Racial profiling bill languishes
PIERRE, S.D. ? The South Dakota Legislative committee on state and tribal relations failed to formally approve a bill that would require the collection of racial data by law enforcement officials.
The committee failed to make a quorum at its final meeting before the January session of the Legislature and therefore could not take action on a bill written by Sen. Ron Volesky that would require police officers to collect data on race when people are stopped in their vehicles. The purpose is to prove that racial profiling exists, is only a perception or is non-existent.
Since the bill was not approved by committee, Volesky, who introduced the bill in the last session, will reintroduce it when the Legislature reconvenes. Rep. Tom Van Norman, D-Eagle Butte, said he would introduce a similar bill in the House again this session.
"We heard a lot of testimony about the collection of data. Some said it would serve no useful purpose, that it would cost too much and we also heard from many who believe the data would be valuable for the facts.
"I heard that racial profiling is in the state. The governor said he wanted it proven, this bill would do that," Volesky said.
"This bill would say so much for reconciliation."
The bills failed in the last session because, "The attorney general said he was conducting a study and the governor's office was applying for a grant, yet nothing was done," Van Norman said.
Law enforcement officials at the hearing said some racial profiling probably existed, but that collecting data would not solve the problem. Hughes County Sheriff Mike Leidholt said that statewide model policies, officer training and video cameras in police cars would help.
Watertown Police Chief Terry Lohr, who said it would be na?ve to think racial profiling did not exist, said collection of race data may tend to add volatility to an incident and that the data collected may not carry any validity. He said police agencies are in the process of writing a uniform statewide policy that would deal with bias by police officers in all areas of police work.
Video cameras may go a long way toward proving an invalid stop by a police officer who has to prove probable cause. Many American Indian people who leave a reservation say they are somewhat certain they will be stopped and relieved when they arrive at their destination without being pulled over. Many of the reasons they are stopped is an object dangling from a rear view mirror, a dirty license plate, tail light out or other minor infractions.
All passengers in the car are then checked and a search usually is done because the officer is looking for outstanding warrants.
Marcella LeBeau, Eagle Butte, said racial profiling exists. Her grandson was stopped for driving too slow, she said. Isn't this harassment? she asked.
Shirley Marvin from Standing Rock said when people from the reservation drive to Mobridge, just across the Missouri River from the reservation, they express a sigh of relief when they make it without being stopped. They then spend their money and head for home through the obstacle course.

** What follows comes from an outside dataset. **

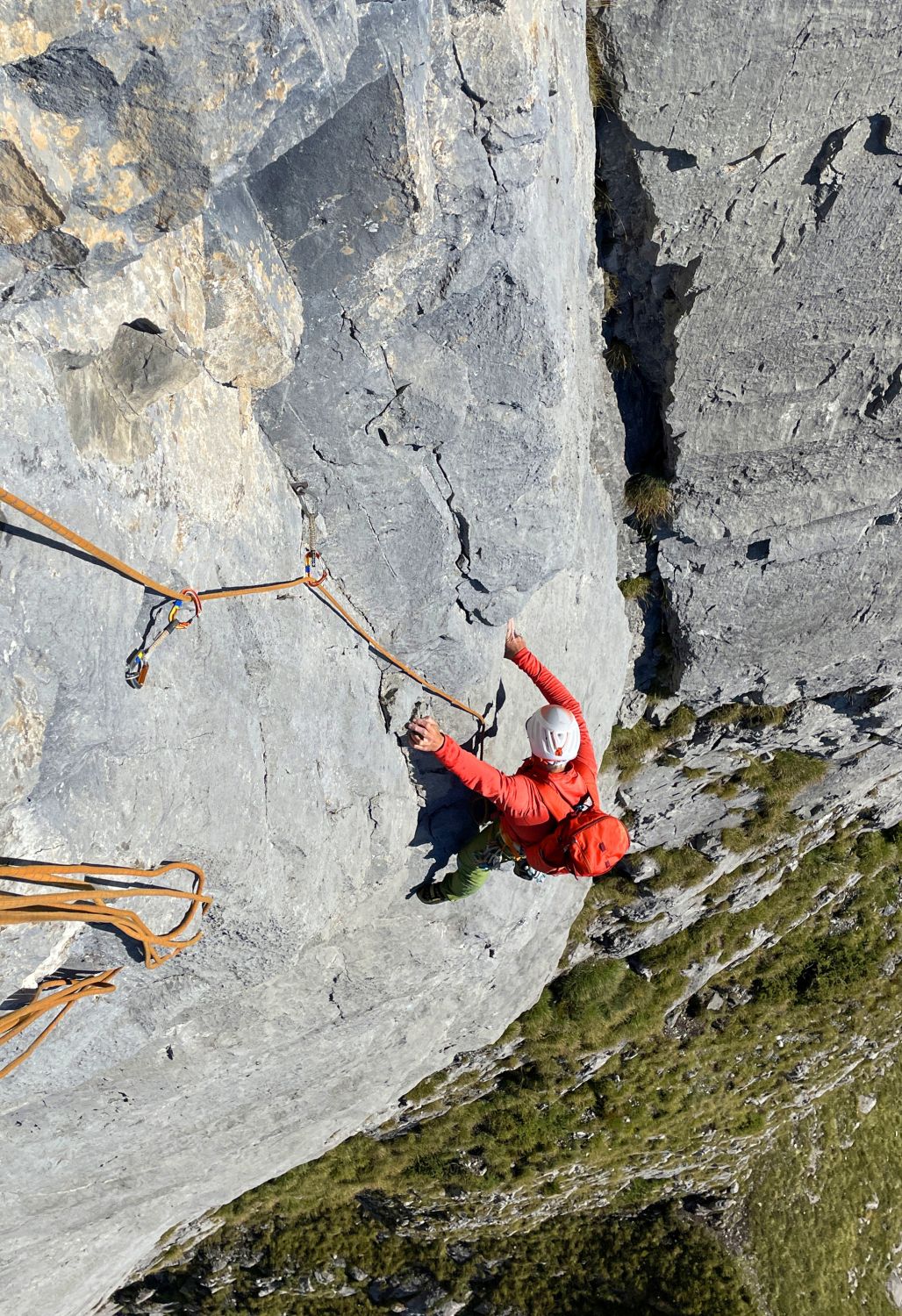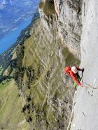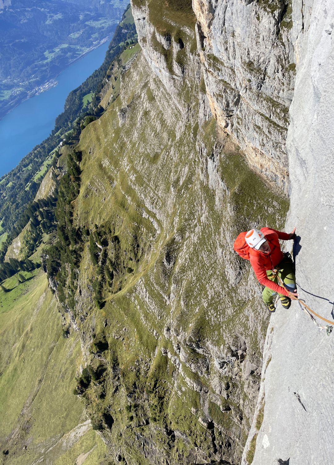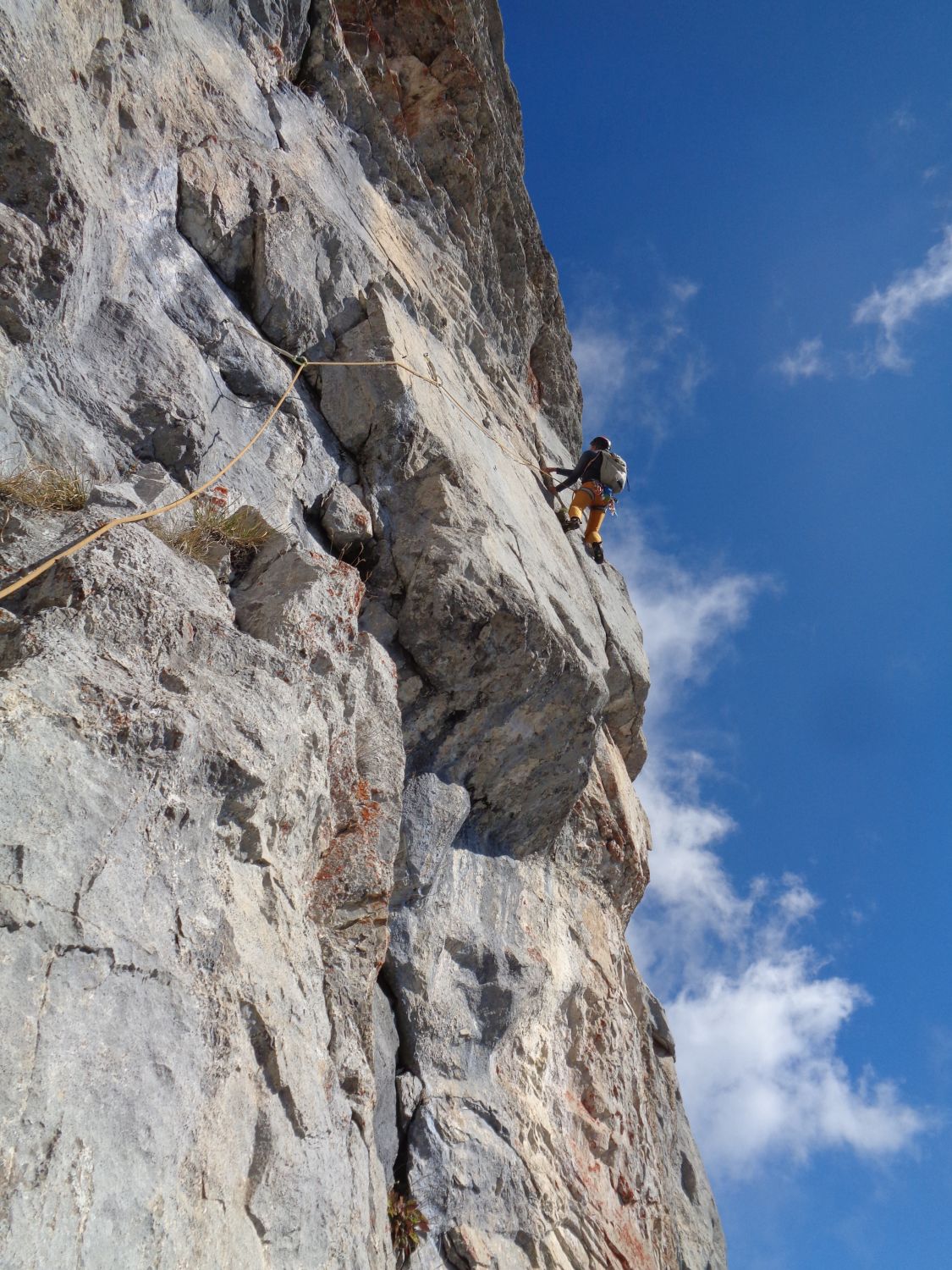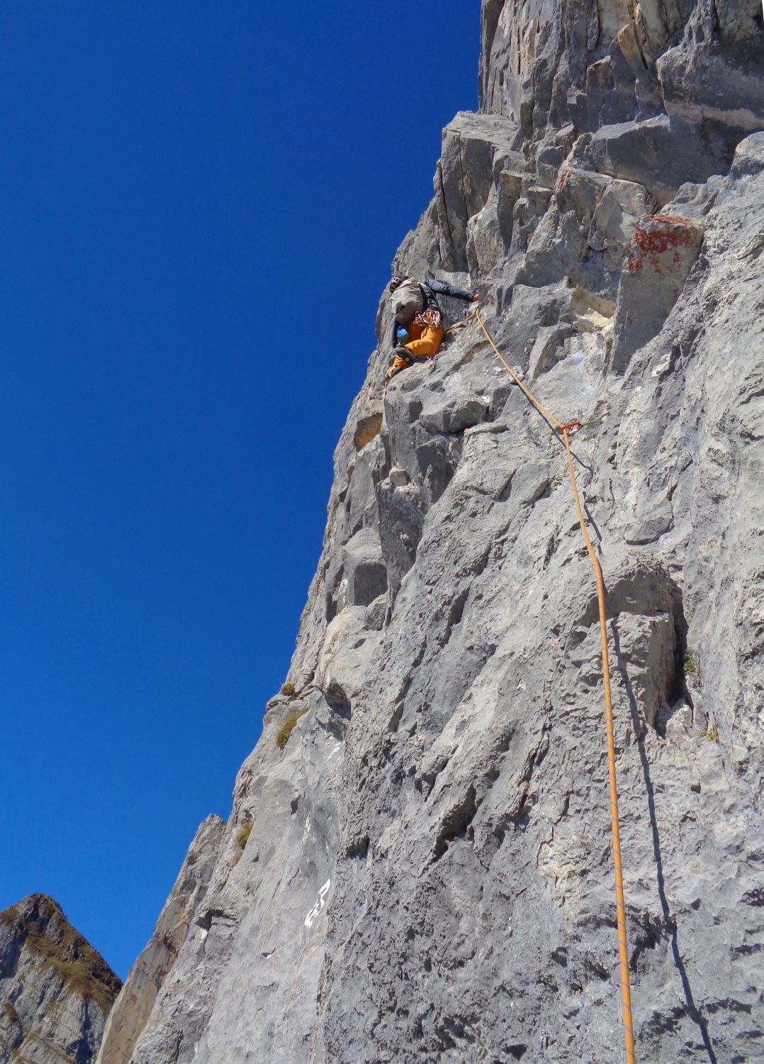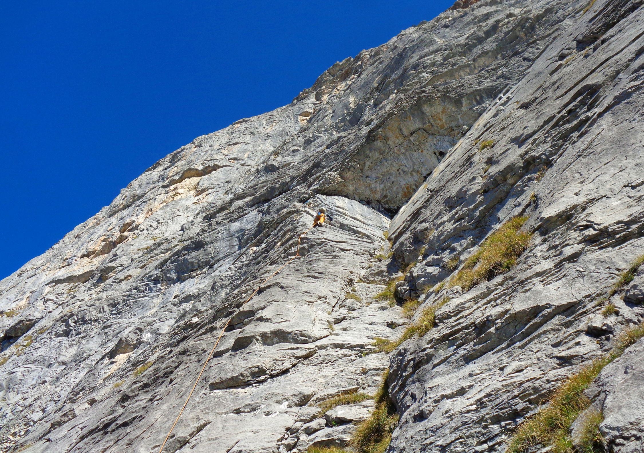 SL6 (35 m, 6b): Die schönste Länge der Tour, manche sagen eine der Besten in dem Grad in der Ostschweiz. Steilplatten, die nicht ganz leicht zu lesen sind, und daher als unterschiedlich schwer empfunden werden (man kann sich da leicht in eine Sackgasse manövrieren oder in perfektem Flow durchgleiten).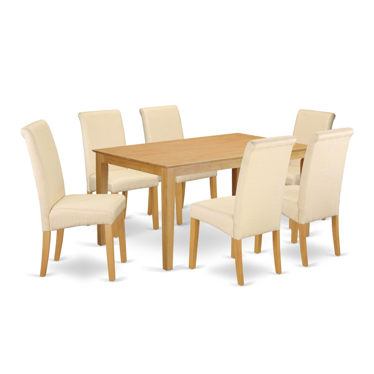 East West Furniture - Caba7-Oak-02 - 7-Piece Dining Table Setelevate The Ambiance Of Your Dining Room With This Exquisite Mid-Century 7-Piece Dining Set, Comprising A Stylish Modern Dining Table With 4 Legs And 6 Tastefully Upholstered Dining Chairs. The Classic Design Of This Kitchen Set Serves To Enhance The Aesthetic Appeal Of Your Dining Room. Our Dining Chairs, Made From Premium Quality Linen Fabric, Provide Optimal Comfort And An Exceptional Seating Experience. The Oak Hardwood Kitchen Table And Beige Linen Fabric Parsons Dining Chairs, Featuring High Rollbacks, Exude A Timeless Elegance That Elevates The Sophistication Of Your Dining Space. Built From The Finest Asian Wood (Rubberwood), This Wooden Dining Table Set Delivers Unparalleled Durability. Our Skilled Craftsmen Have Fashioned This Dining Set, Ensuring A Seamless And Polished Finish. Assembling These Padded Parson Chairs And Modern Dining Table Is Effortless, With Instructions Included In The Package. Keeping This Small Dining Table Set Clean Is A Breeze, Requiring Only A Mild Furniture Cleaner To Maintain Its Pristine Appearance.Product Features: Fabric: Linen Fabric Fabric Color: Beige Wood Color: Oak Wood Table Dimension: Length: 60; Width: 36; Height: 30. Kitchen Chairs Measurement: Length: 22.5; Width: 18; Height: 38.5.Package Include: 6 Kitchen Parson Chairs And A Dining Table.

Webster Two Hawk, state commissioner of Tribal Government Relations, said he had been stopped by an officer for driving too slow and another time he was told he was speeding when, he claimed he set his cruise control at the speed limit. "I told them I would see them in court." He was not charged with the offense.
Faith Taken Alive, Standing Rock, said her 70-year-old mother was pulled over for having a dream catcher dangling from the rear view mirror. While she was with the officer, two other cars, with non-Indian drivers and things hanging from their mirror as well, were not stopped.
"We don't teach our children by saying, 'Oh, look there goes a Russian or a German.' We ask to be treated with respect," Taken Alive said.
Rep. Dick Hagen, D-Pine Ridge said he takes calls from people all the time with complaints about racial profiling. "If it doesn't exist these people are lying to me. I don't think they are lying."
But how will this practice stop?
Gene McCowan and Marge Two Hawk from the Pierre Indian Council met with Chief of Police Allen Aden and other members of the law enforcement agency this past spring to exchange ideas about racial profiling in that city.
McCowan and the group were allowed to go through records and determined that an inordinate number of American Indians had been stopped for very little reason. After the meeting and that discovery, the stops were reduced to half.
"I commend the chief for his efforts and what he has done. He listens and that's not always the case."
McCowan also said that officers ran checks on all passengers in a car driven by an American Indian, but not a non-Indian car because of possible outstanding warrants. "There are 900 outstanding warrants for American Indian people and 1,500 for non-Indians. Is that racial profiling?"
He said that if people can sit down and talk the situation can be improved.
Legislators on the committee said they were concerned with the lack of turnout by tribal members, especially elected tribal officials or their designees. Van Norman said he thought there was a communication gap and that notice of meetings were not getting to the tribes in a timely manner.
Committee Chairman Sen. J.E. "Jim" Putnam, R-Armour, said he was more upset at the fact that out of a 13 member committee, only five members were present at the afternoon session.
The unofficial opinion was that Volesky's bill and one submitted by Van Norman would have a better chance of passage this next session of the Legislature.
Putnam suggested that a repeal of the law that prohibits objects dangling from the mirror was in order.